怖いけど美しい。住人が消えた「ゴーストタウン」の不思議な魅力
たった一日で消えてしまった村
オラドゥール・シュル・グラヌ/フランス
「オラドゥール・シュル・グラヌ(Oradour-sur-Glane)」は、フランスのヌーヴェル=アキテーヌ地域圏オート=ヴィエンヌ県にある村です。
もともとドイツの占領下であったこの地で、哀しい事件が起こりました。
1944年4月10日。ナチスの武装親衛隊からオラドゥール村の村長へ、「村人の身分証を確認するので、全員を広場に集めるように」と指令が入ります。
学校に登校している児童や仕事中の者はもちろん、近隣の農家や村への来訪者など、見つけられる限りの人間はもれなく広場に集合させられました。

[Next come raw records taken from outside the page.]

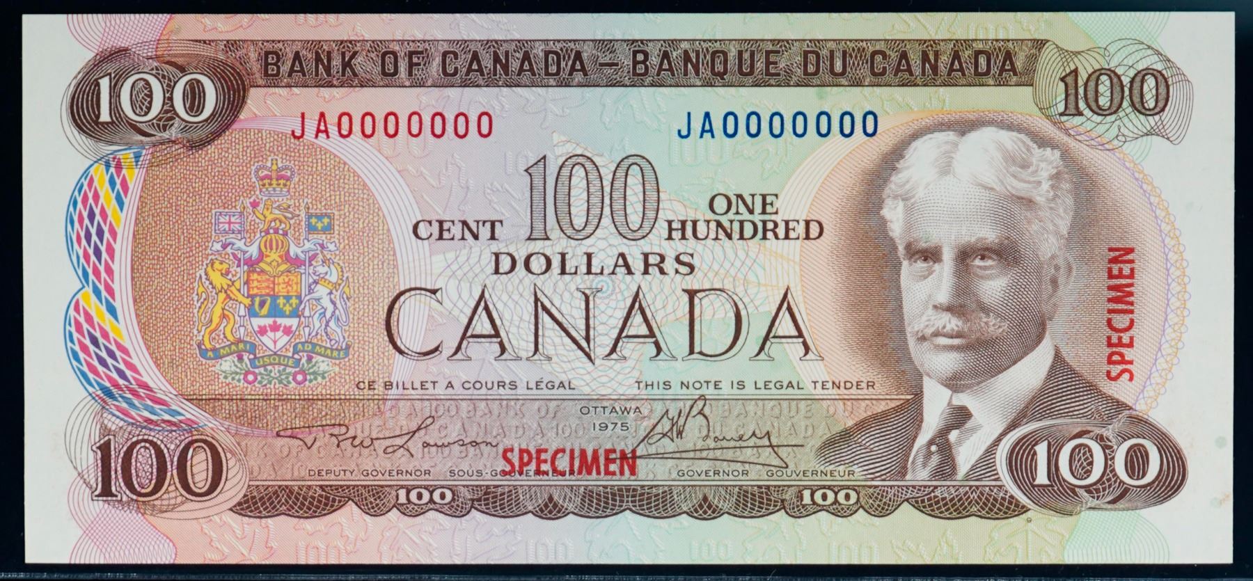 SPECIMEN; 1975 $100 #JA0000000 BC-52aS Uncirculated or better
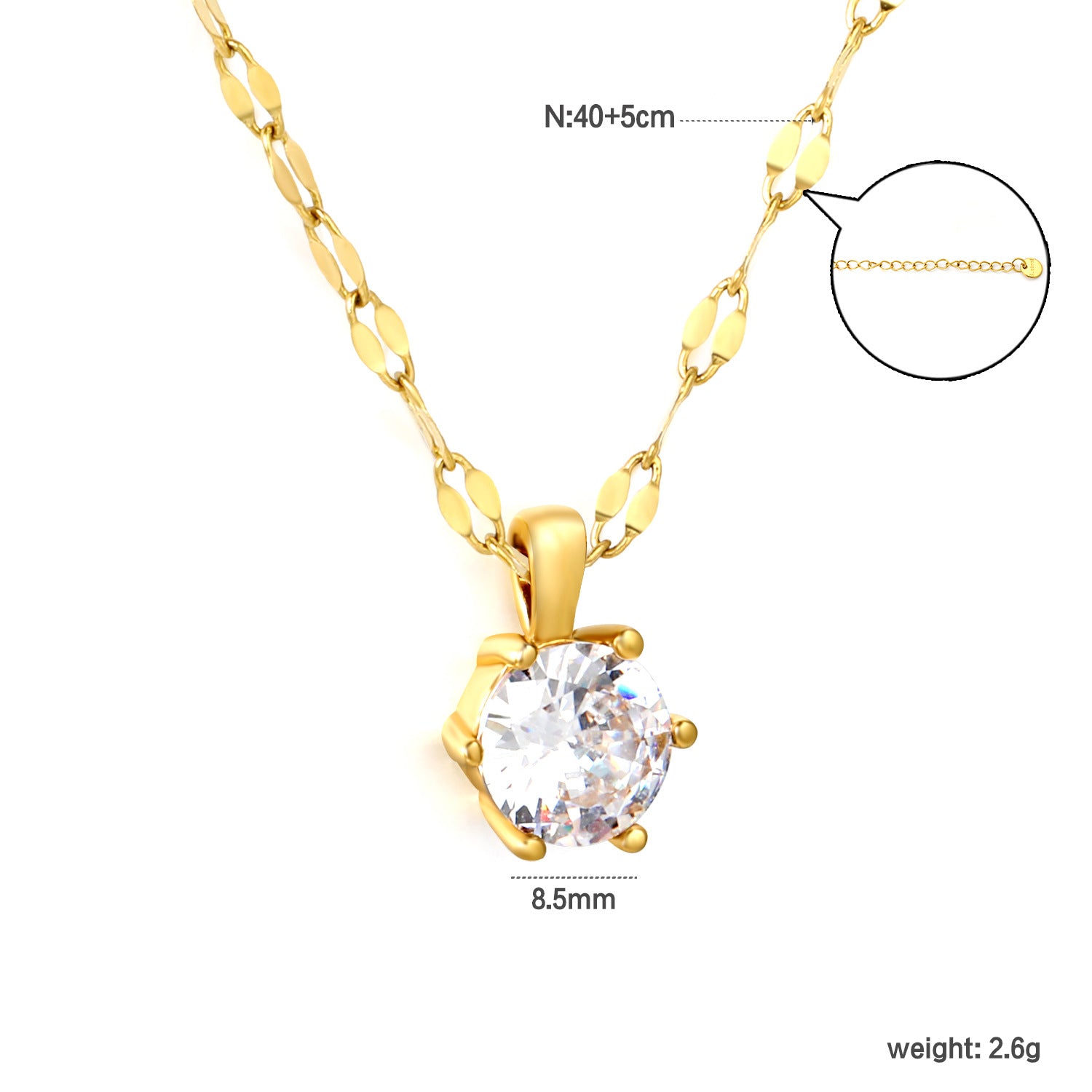 Bulk PVD Gold Solitaire Zircon Oval Link Dainty Necklace
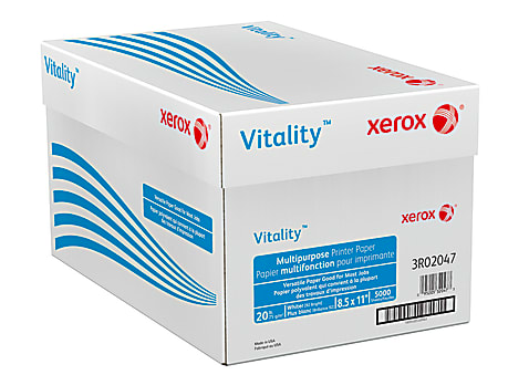 Designed for high-volume printing and copying, Xerox Vitality paper can help you complete daily tasks on time. ColorLok technology ensures rich, vibrant colors on every page, and this Xerox printer paper provides consistent performance to minimize jams and downtime. 20-lb paper is ideal for everyday projects. 92 brightness creates a crisp, professional look. ColorLok technology yields bold blacks and vivid colors with inkjet printers. Delivers 99.99% jam-free performance on most high-speed digital printing equipment. Compatible with most printers and copiers. Vitality multiuse printer paper with a 92 US brightness in a ream of 500 sheets comes in a case of 10 reams. FSC Certified printer paper is 20 lb and letter size (8-1/2in x 11in). Eco-conscious choice - has one or more meaningful eco-attributes or eco-labels. Forest Stewardship Council (FSC) certified - made from wood/paper that comes from forests managed to rigorous environmental and social standards, supported by the worlds leading conservation organizations. Leadership forestry - from forests or sourcing programs that meet specific environmental standards, helping you support practices that better protect forests and the environment., paper brightness (Euro): 104 , paper brightness (US): 92 , paper weight: 20 lb , printer compatibility: Inkjet Printer; Laser Printer; All-In-One , Product Line: Vitality Multipurpose Printer Paper , reams per case: 10 , Recommended Paper Use: General Purpose , sheet size: Letter (8-1/2" x 11"), sheets per ream/pack: 500 , Total Number Of Reams: 10 , total number of sheets: 5000 , acid free: Yes , bleaching chemistry: Elemental Chlorine Free (ECF) , brand name: Xerox , color: white , Colorlok Technology: Yes , Eco Label Standard: Forest Stewardship Council (FSC) Mixed , Eco-conscious: Leadership Forestry , Finish (Paper): Uncoated , manufacturer: XEROX CORPORATION , number of holes punched: 0
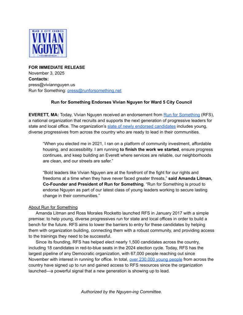 Home Platform Track Record My First Term (2022-2023) Food Resources Press Home Platform Track Record My First Term (2022-2023) Food Resources Press < Back to Press "Run for Something" Endorsement 2025
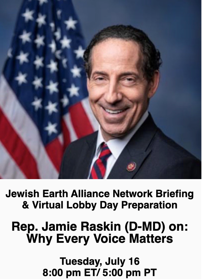 Some people hold back from lobbying Congress because they don’t believe their voice will be heard. Jamie Raskin begs to differ! On July 16th, hear him make the case that Congress needs to hear from everyday, ordinary U.S. citizens — just like the folks who take action with the Jewish Earth Alliance and its partners.In the spirit of citizen advocacy, the briefing will prepare you for the Pre-Tisha B’Av Virtual Lobby Day taking place on August 8th. Lobby leaders will organize each state in breakout sessions to plan your lobby meetings.
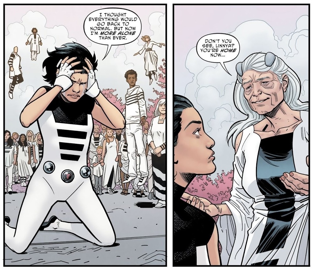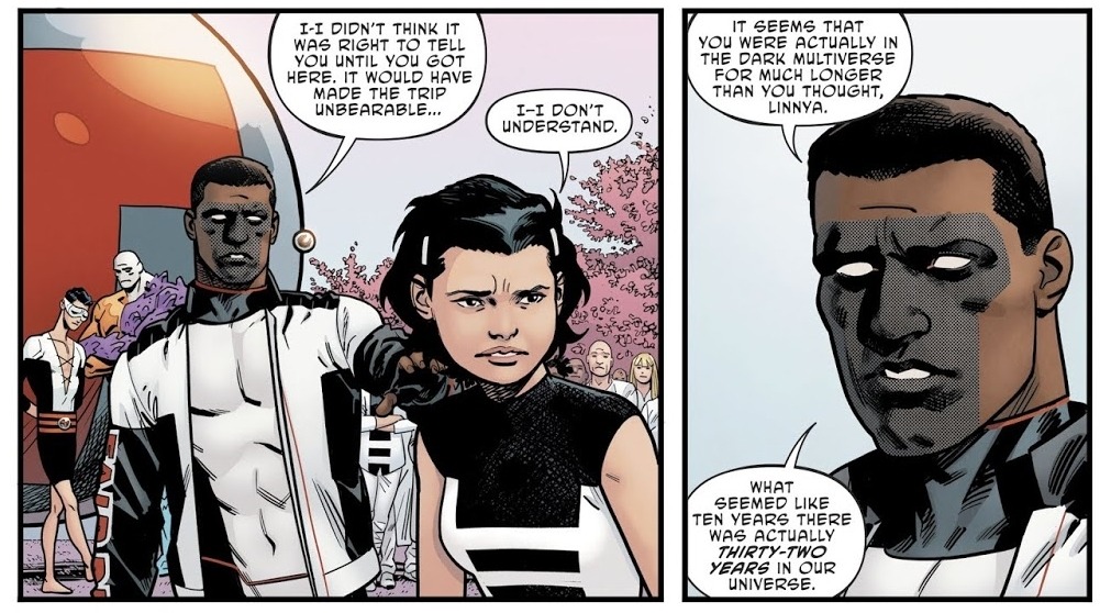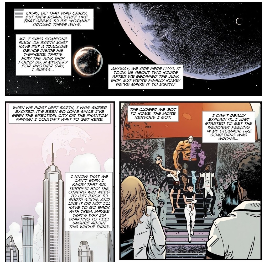 At the end of last week's The Terrifics #4, the team took Linnya Wazzo, the new Phantom Girl, to her home planet of Bgztl, where the population can phase through matter — even dimensions. The artist of the issue, Evan "Doc" Shaner, wanted to draw people's attention to something on the final page.
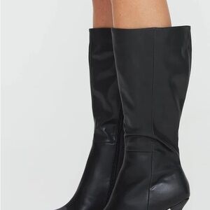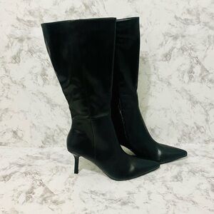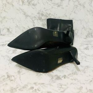 Faux leather material, zip fastening at inside, pointed toe, stiletto heel
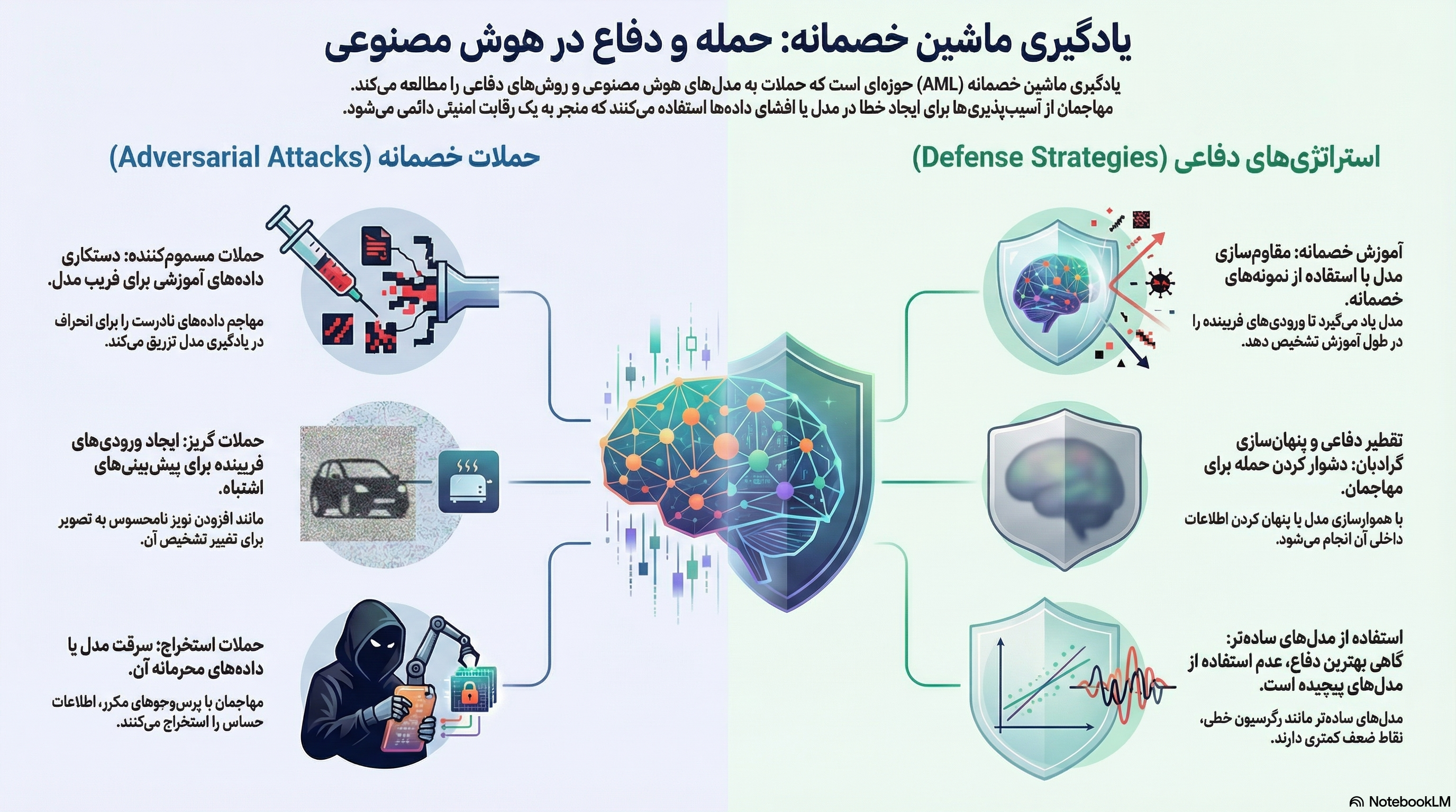 در دنیای مدرن، مدل‌های یادگیری ماشین (ML) با حملات مشابهی روبرو هستند. مدل‌ها چیزهای پیچیده‌ای هستند و اغلب درک ضعیفی از نحوه پیش‌بینی آن‌هاداریم. این امر باعث ایجاد نقاط ضعف پنهانی می‌شود که می‌تواند توسط مهاجمان بهره‌برداری شود. آن‌هامی‌توانند مدل را فریب دهند تا پیش‌بینی‌های نادرستی انجام دهد یا اطلاعات حساس را فاش کند. حتی می‌توان از داده‌های جعلی برای آلوده کردن مدل‌ها بدون اطلاع ما استفاده کرد. زمینه یادگیری ماشین خصمانه (AML) با هدف رفع این نقاط ضعف ایجاد شده است.
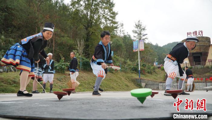 圖為白褲瑤居民正在玩轉(zhuǎn)陀螺。韋國政 攝
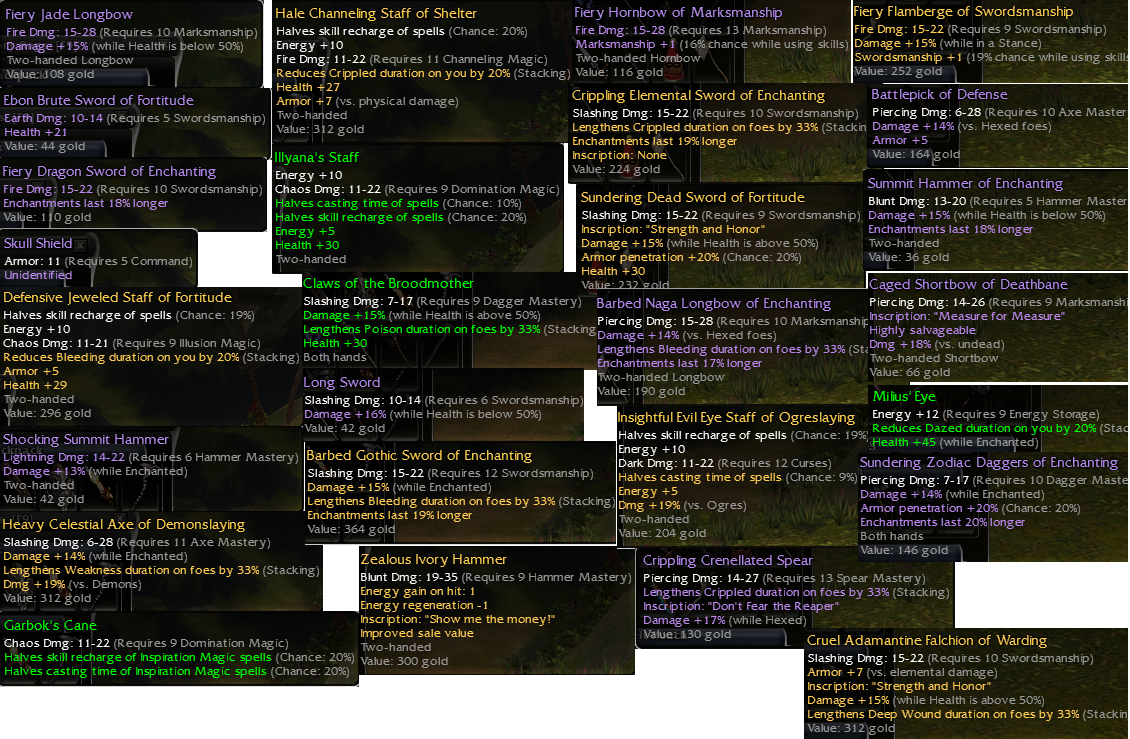1A: Fiery Jade Longbow1B: Ebon Brute sword of Fortitude
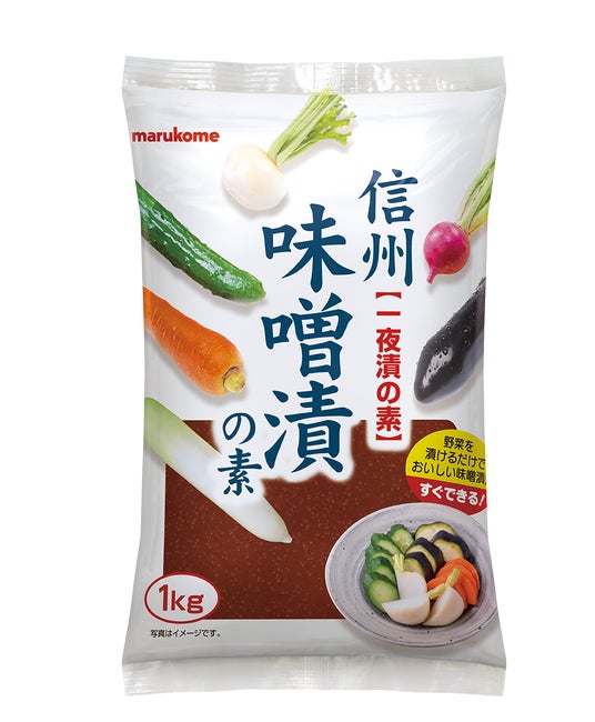 「信州味噌漬の素」は、信州赤系の米みそを使用した上品な甘みが特長の一夜漬け用みそです。塩分を控えめにし、従来の塩辛いみそにはない、ほどよい甘味のあるおいしい漬物に仕上がります。同商品は「大容量のタイプが欲しい」という声が多数寄せられ、あらたにラインアップしました。商品概要

午後3時。集合を終えると、女性と子どもは教会に、男性は6つの物置や納屋に分かれて連行されます。
男性陣が連れられた場所に待ち構えるのは、機関銃を持ったドイツ兵。男性の足元をめがけて銃を乱射し、動けなくなった体に藁(わら)を被せ、次々と火をつけていきました。
ある納屋から男性6名が逃げ出しましたが、そのうちの1人は逃亡後すぐに発見され射殺されています。
教会にもドイツ兵が潜んでおり、女性たちが建物内に入るとともに可燃物を投げ入れて放火。さらに機関銃を乱射し、混乱のなか女性240名、子ども205名が命を落としました。
集合した人の虐殺していくと、今度は家に残っている人を探しにまわります。
寝たきりの老人はベッドごと焼かれ、村へ訪問にきた通りがかりの人までも射殺。生存者を容赦無く犠牲にしました。
村は徹底的に破壊され、以前の面影をうかがい知ることはできません。
1日にして村人642人の命が犠牲になり、親衛隊から逃げ切ったのはたったの26人。村はゴーストタウンと化しました。
戦後に当時のフランス大統領であるシャルル・ド・ゴールが、オラドゥール村を再建せずに遺構として残すことを決定。村は現在も廃墟同然の状態で保存され、哀しい歴史を後世に伝えるべく観光客を受け入れています。